*REQUIREMENT*
Only a number is expected: how many lines in these records mention the word "الحميدي"?

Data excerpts
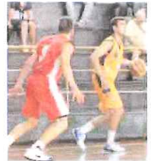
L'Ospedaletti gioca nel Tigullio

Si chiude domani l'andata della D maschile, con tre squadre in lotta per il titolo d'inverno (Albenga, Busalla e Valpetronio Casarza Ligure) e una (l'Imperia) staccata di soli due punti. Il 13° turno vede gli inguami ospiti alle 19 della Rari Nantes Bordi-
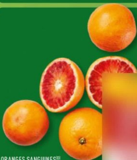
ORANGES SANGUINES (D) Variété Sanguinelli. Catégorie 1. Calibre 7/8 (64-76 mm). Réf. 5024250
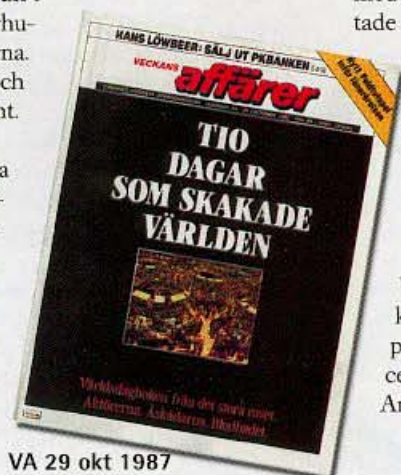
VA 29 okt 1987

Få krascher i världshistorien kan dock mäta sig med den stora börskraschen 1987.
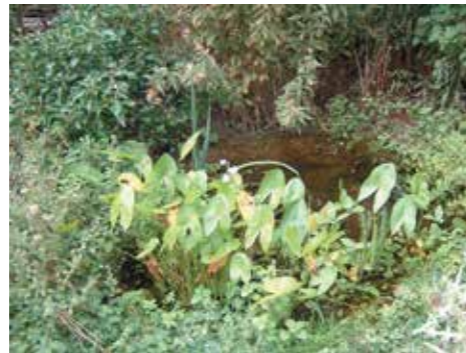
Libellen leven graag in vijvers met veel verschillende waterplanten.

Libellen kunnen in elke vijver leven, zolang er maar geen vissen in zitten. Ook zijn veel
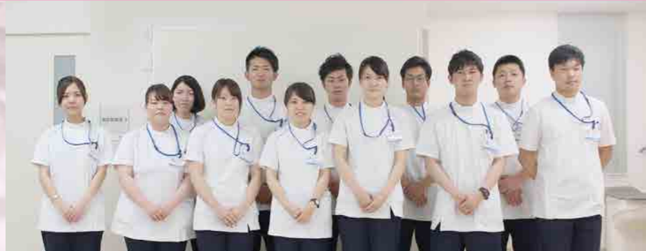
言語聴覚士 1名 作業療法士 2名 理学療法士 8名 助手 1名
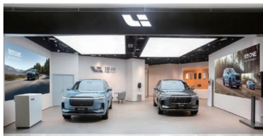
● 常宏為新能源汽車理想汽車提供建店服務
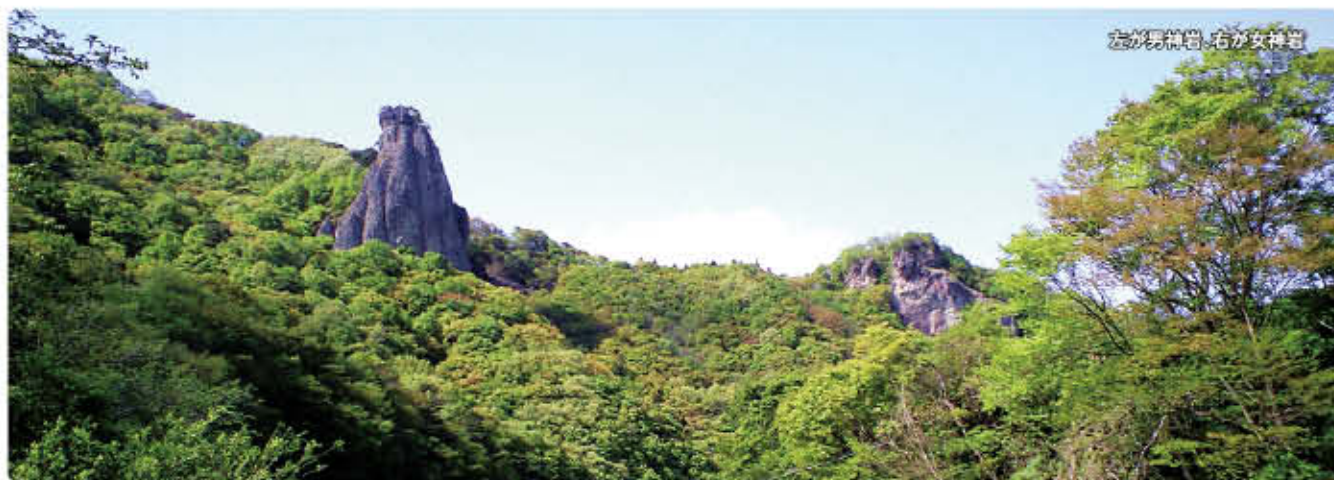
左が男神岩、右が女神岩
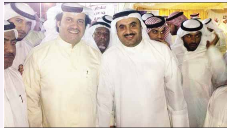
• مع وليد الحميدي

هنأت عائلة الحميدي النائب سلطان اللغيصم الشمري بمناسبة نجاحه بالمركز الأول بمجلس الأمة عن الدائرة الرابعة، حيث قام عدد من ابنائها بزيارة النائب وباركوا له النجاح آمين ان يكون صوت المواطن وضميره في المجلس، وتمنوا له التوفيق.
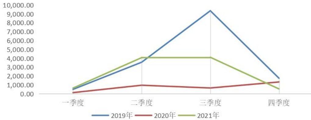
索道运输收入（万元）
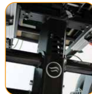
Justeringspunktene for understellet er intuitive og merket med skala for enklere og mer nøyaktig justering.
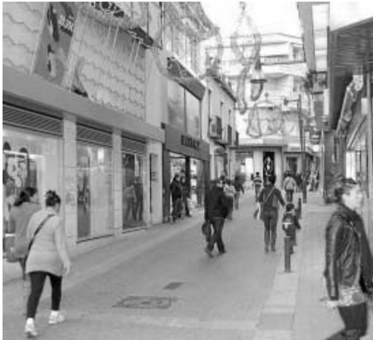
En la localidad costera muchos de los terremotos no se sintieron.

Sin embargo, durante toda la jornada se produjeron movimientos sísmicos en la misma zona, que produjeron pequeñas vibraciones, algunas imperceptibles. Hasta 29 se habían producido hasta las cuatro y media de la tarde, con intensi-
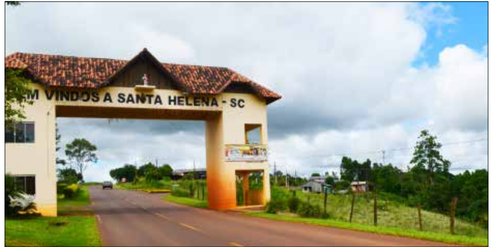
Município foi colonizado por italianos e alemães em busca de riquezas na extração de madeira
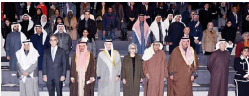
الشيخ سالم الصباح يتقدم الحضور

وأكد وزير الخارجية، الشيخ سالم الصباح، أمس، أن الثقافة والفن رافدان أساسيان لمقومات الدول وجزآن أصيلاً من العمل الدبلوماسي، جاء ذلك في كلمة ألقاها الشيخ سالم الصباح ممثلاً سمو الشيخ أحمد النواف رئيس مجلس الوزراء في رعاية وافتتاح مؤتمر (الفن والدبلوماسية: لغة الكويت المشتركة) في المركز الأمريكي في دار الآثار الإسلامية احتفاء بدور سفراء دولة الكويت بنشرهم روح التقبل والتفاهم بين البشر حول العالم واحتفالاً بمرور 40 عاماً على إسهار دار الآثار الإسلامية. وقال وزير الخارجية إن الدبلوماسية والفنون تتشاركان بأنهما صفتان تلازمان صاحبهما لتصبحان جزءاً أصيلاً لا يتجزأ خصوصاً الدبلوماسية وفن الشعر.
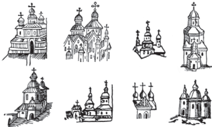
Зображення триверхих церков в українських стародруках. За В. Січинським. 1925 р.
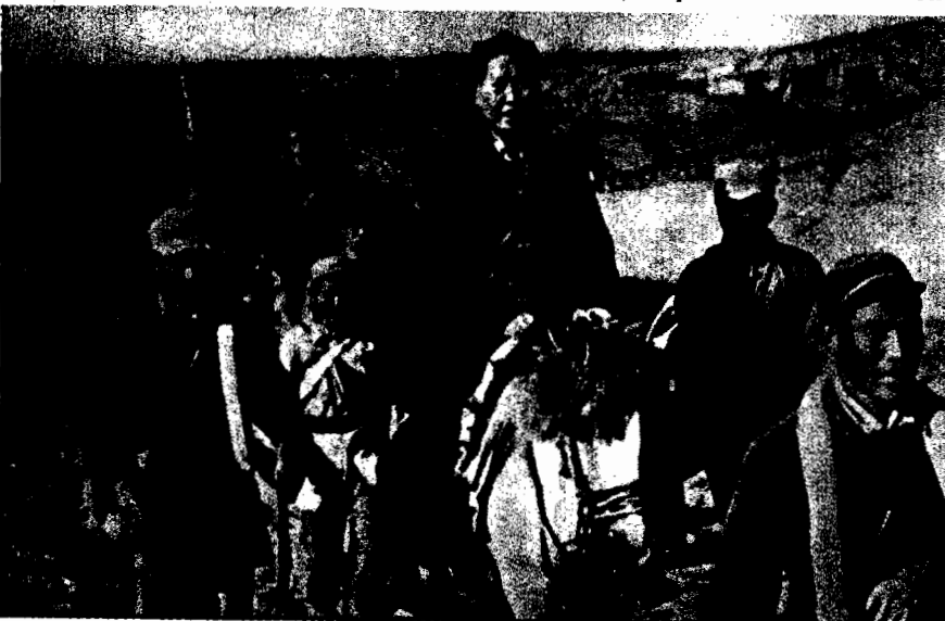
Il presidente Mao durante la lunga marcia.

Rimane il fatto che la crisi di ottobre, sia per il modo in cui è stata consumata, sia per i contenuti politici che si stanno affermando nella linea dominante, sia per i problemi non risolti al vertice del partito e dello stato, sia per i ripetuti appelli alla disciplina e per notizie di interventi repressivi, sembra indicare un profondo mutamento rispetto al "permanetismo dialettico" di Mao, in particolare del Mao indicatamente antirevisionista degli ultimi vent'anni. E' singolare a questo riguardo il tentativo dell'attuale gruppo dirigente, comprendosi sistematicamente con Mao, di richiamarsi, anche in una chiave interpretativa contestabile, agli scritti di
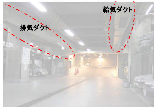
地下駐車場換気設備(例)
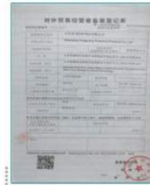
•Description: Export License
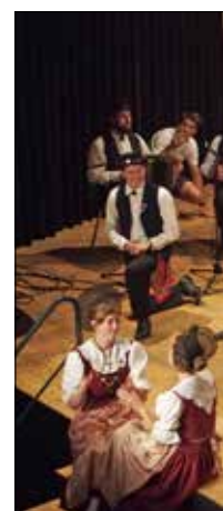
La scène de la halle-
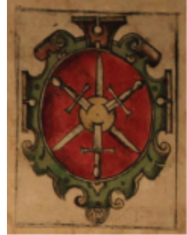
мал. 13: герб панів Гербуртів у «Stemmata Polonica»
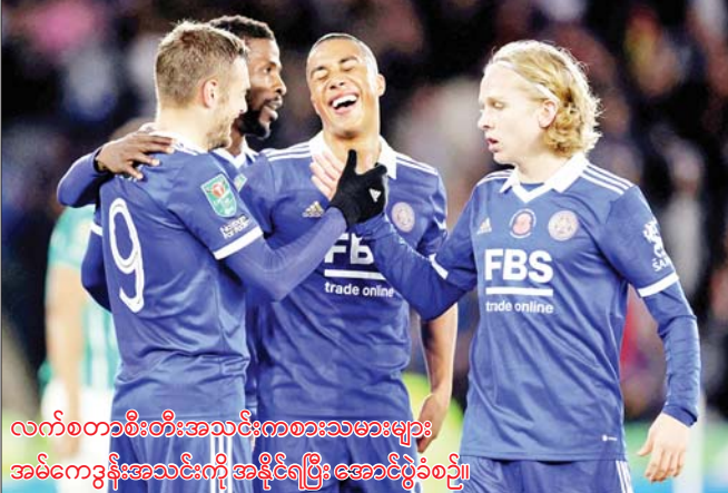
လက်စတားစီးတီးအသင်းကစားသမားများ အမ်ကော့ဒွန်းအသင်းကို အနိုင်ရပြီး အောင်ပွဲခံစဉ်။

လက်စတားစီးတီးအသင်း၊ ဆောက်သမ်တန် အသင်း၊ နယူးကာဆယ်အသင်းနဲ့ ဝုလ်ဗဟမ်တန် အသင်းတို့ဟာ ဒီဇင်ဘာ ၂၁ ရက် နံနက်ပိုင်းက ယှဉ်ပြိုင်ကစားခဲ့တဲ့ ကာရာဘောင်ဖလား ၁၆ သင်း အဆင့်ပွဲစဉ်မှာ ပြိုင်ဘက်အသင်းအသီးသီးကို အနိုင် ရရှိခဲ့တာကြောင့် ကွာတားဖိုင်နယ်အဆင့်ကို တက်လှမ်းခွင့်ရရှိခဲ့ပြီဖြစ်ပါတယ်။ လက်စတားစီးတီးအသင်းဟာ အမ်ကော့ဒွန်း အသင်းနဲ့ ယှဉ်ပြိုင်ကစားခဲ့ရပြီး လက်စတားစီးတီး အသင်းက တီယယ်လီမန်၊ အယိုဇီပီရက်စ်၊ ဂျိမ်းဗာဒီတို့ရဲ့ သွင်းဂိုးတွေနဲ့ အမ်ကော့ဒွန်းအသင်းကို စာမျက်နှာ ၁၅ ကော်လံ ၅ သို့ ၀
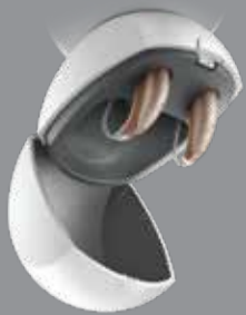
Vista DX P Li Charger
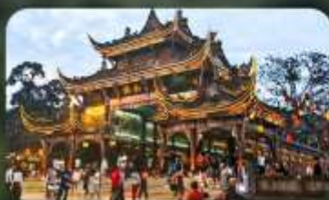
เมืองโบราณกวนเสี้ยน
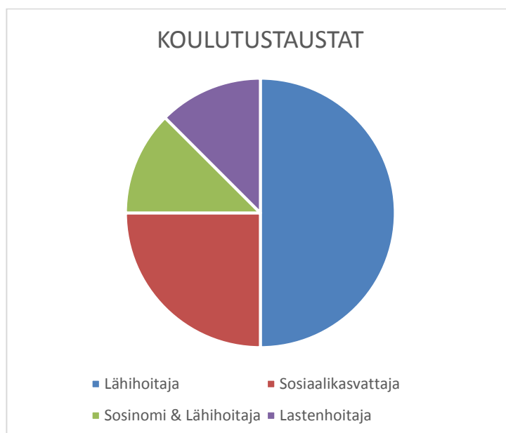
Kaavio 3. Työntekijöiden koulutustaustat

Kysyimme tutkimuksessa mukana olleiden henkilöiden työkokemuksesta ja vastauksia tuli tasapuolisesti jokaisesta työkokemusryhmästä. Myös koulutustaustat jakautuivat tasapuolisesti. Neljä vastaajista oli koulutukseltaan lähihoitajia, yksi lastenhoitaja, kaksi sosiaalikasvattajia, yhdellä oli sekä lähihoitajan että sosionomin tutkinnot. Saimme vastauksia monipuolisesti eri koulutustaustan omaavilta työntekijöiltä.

*EXERCISE RESPONSE*
2